Die starke Mentalität, die Whyte heute im Ring auszeichnet, entwickelte er bereits in dieser frühen Phase seines Lebens. Gegenüber skysport erzählte Whyte, dass ihn sein Vater eines Tages beim Fischen mit den Worten "ertrinke oder schwimm" aus dem Boot warf, obwohl Whyte nicht schwimmen konnte. "Am Ende lernte ich zu schwimmen."
Von der Kindheit in Jamaika zum "King of South London"
Sich Durchzubeißen ist eine Eigenschaft, die auch im Londoner Stadtteil Brixton gefragt ist. Viele Migranten aus karibischen Ländern wohnen hier in vielen grauen Betonklötzen. Die Gegend ist bekannt für eine hohe Kriminalitätsrate und Bandenkämpfe. Neben einer Garage mit heruntergekommenen und defekten Autos trainiert Whyte derzeit hier für den Kampf gegen Lucas Browne (Sa., ab 20 Uhr im Livestream) .
Mit zwölf Jahren kam der selbsternannte "King of South London" hierher und folgte so seiner Mutter nach England. Die Lebenssituation besserte sich für Whyte allerdings durch den Umzug nicht. Schnell wurde er Teil der örtlichen Bandenbewegungen, wurde mehrmals angeschossen und mit Messern gestochen.
Whytes erster Kampf gegen Dauerrivale Anthony Joshua
Kurz nachdem er aufgrund mehrerer Straftaten einer langen Gefängnisstrafe nur knapp entrann, führte ein Freund Whyte ins Kickboxing ein. "Ich wusste, dass es meine einzige Chance im Leben ist", sagt Whyte heute. Diese Chance ergriff er mit Bravour. Fünf Jahre lang belegte der heute 29-Jährige Platz eins im Kickboxen in der Kategorie über 95kg und führte auch erste Kämpfe im Amateurboxen. In seinen ersten Kämpfen sorgte er vor allem deswegen für Aufsehen, da einer seiner Kontrahenten nach einem Schlag im Kampf mehrere Wochen im Koma lag.

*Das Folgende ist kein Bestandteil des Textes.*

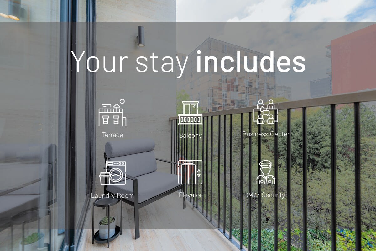 The assigned unit may have some differences in views or decor compared to the photos, as the listing represents the entire category of apartments, not a specific unit. Rest assured, all our units come equipped with the same high-quality amenities an...d services to ensure your comfort. You will be in one of the biggest cities in the world, it can get hectic and messy. We do our best to provide a calm and peaceful stay, however, please consider there may be noise coming from outside. transit Nreghborhood Enjoy the convenience of a Rooftop Terrace, Business Center, Laundry Room, 24/7 Security, Lobby, Elevator and High Speed Internet. space Discover a refined lifestyle where sophistication meets convenience. Step into luxurious interiors, enjoy fully equipped kitchens, or relax on your balcony. Stay comfortable with individual air conditioning, ensuring the perfect ambiance in every season. Unwind and socialize on our rooftop terrace, a serene retreat above the bustling city. Simplify daily tasks with our onsite laundry room and stay connected with our business center. Experience luxury at Homero 1410, Polanco's urban haven. interactionWithGuests
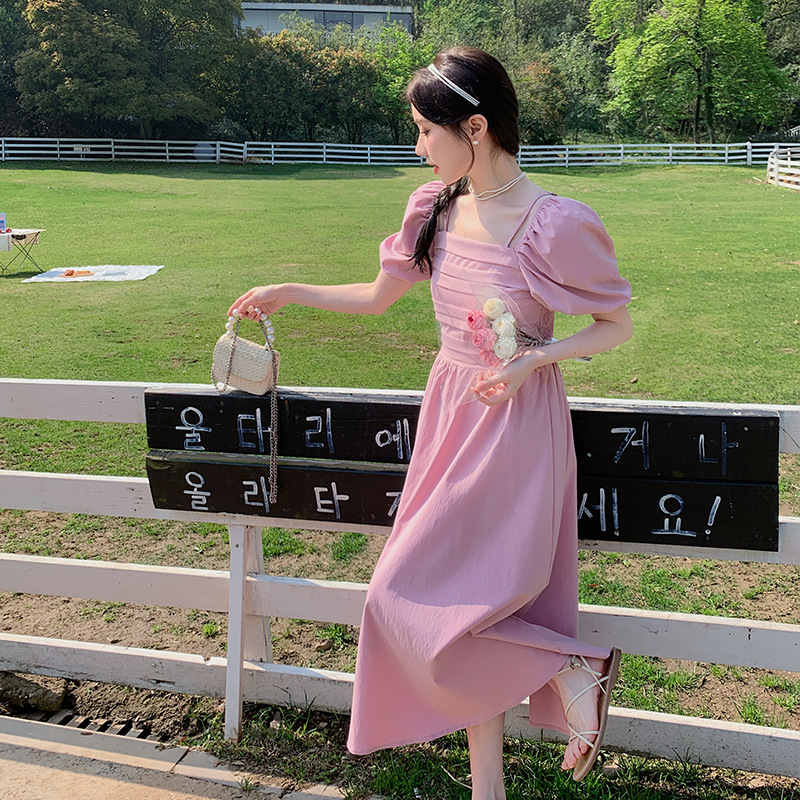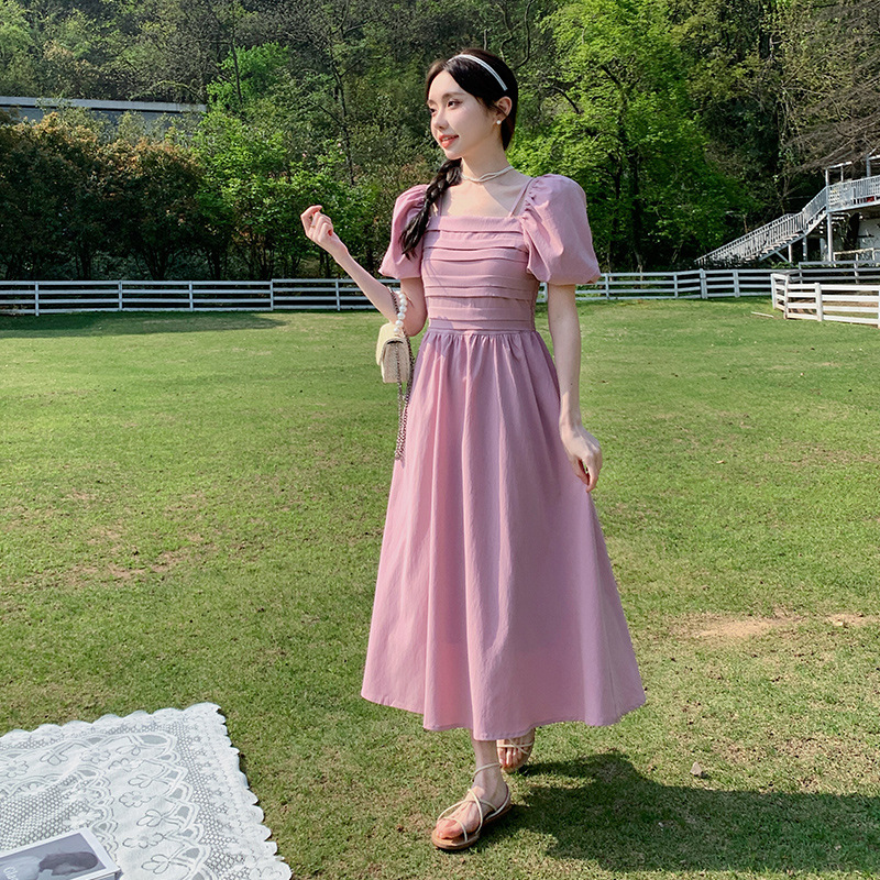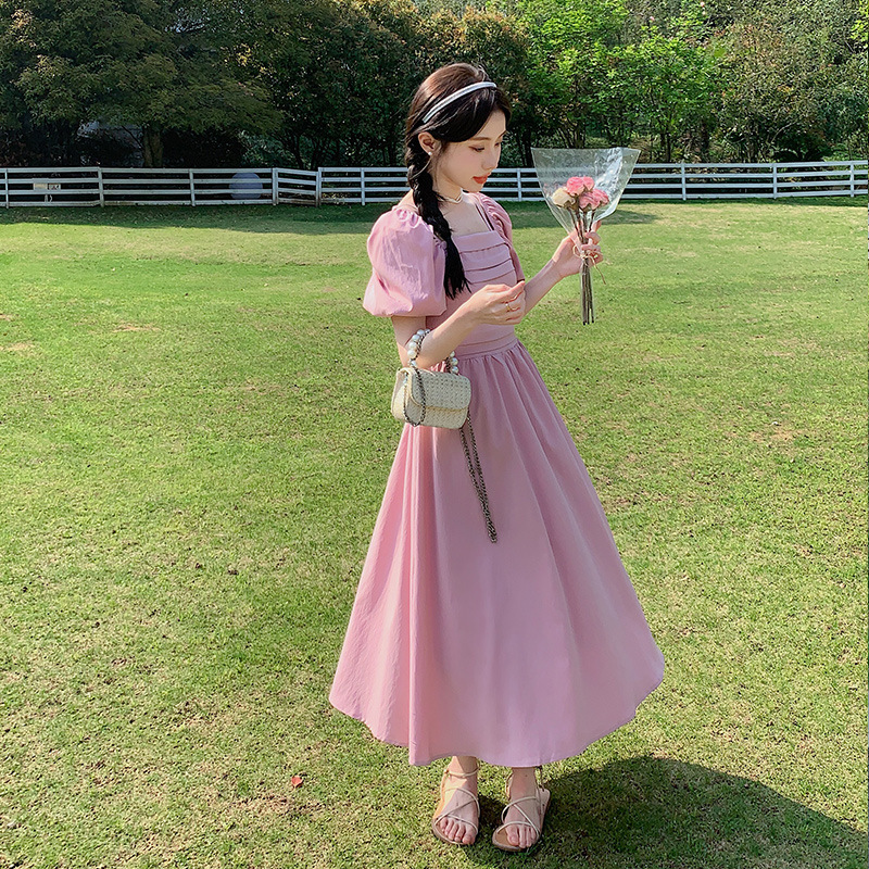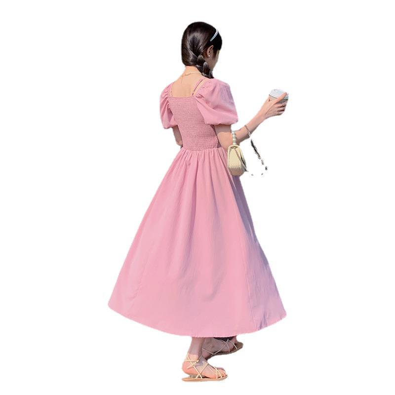 粉红色少女感方领泡泡袖连衣裙女夏新款韩版气质收腰法式长裙
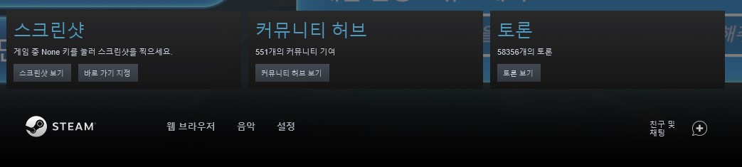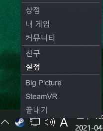 먼저 좌측 하단 작업표시줄에서 스팀 아이콘을 클릭 또는 우클릭해서 위 스샷과 같은 창을 띄운 뒤
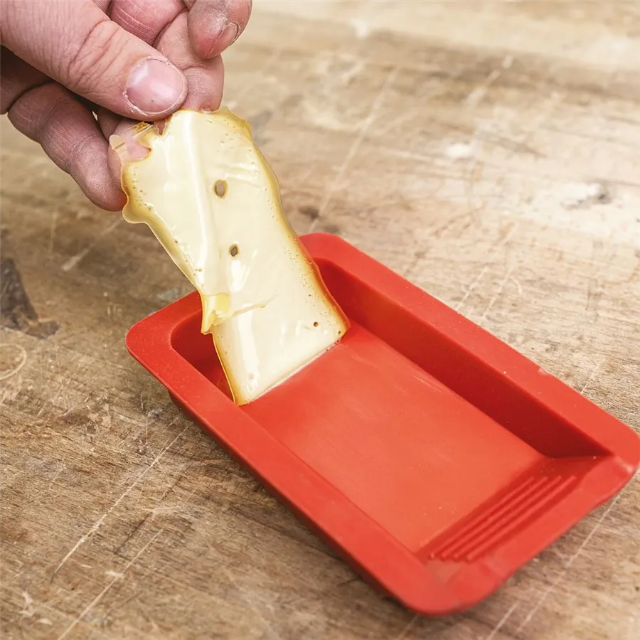 Stěrka, vanička a nástavce štětců jsou vyrobeny ze silikonu, který zaručuje snadné čištění. Po dokončení práce nalijte přebytečné lepidlo s pomocí prohlubní na straně vaničky zpět do nádoby. Tyto prohlubně můžete rovněž využít jako opěrku na štětce, abyste si během práce neznečistili pracovní plochu. Zbytky lepidla na štětcích i ve vaničce nechte zaschnout a následně jej jednoduše odloupněte, případně vše ihned po práci omyjte pod vlažnou vodou.
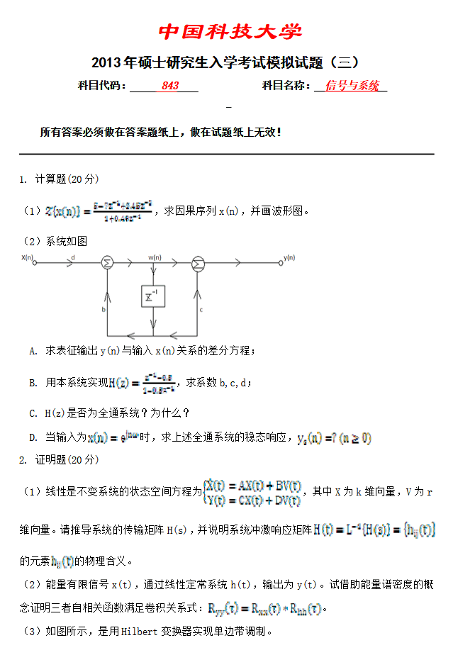 中国科技大学843信号与系统半岛在线注册模拟题三带详细答案

Aus heutiger Sicht ist vor allem einer von Whytes damaligen Gegnern besonders interessant. 2009 traf er das erste Mal auf seinen großen Konkurrenten Anthony Joshua. Die beiden standen zu der Zeit noch am Anfang ihrer Boxkarrieren und lieferten sich in einer kleinen Halle in London einen Kampf über drei Runden. Am Ende des Kampfes gewann Whyte nach Punkten gegen den künftigen Superstar, der sich am 31. März mit Joseph Parker in einem Vereinigungskampf misst (live auf DAZN).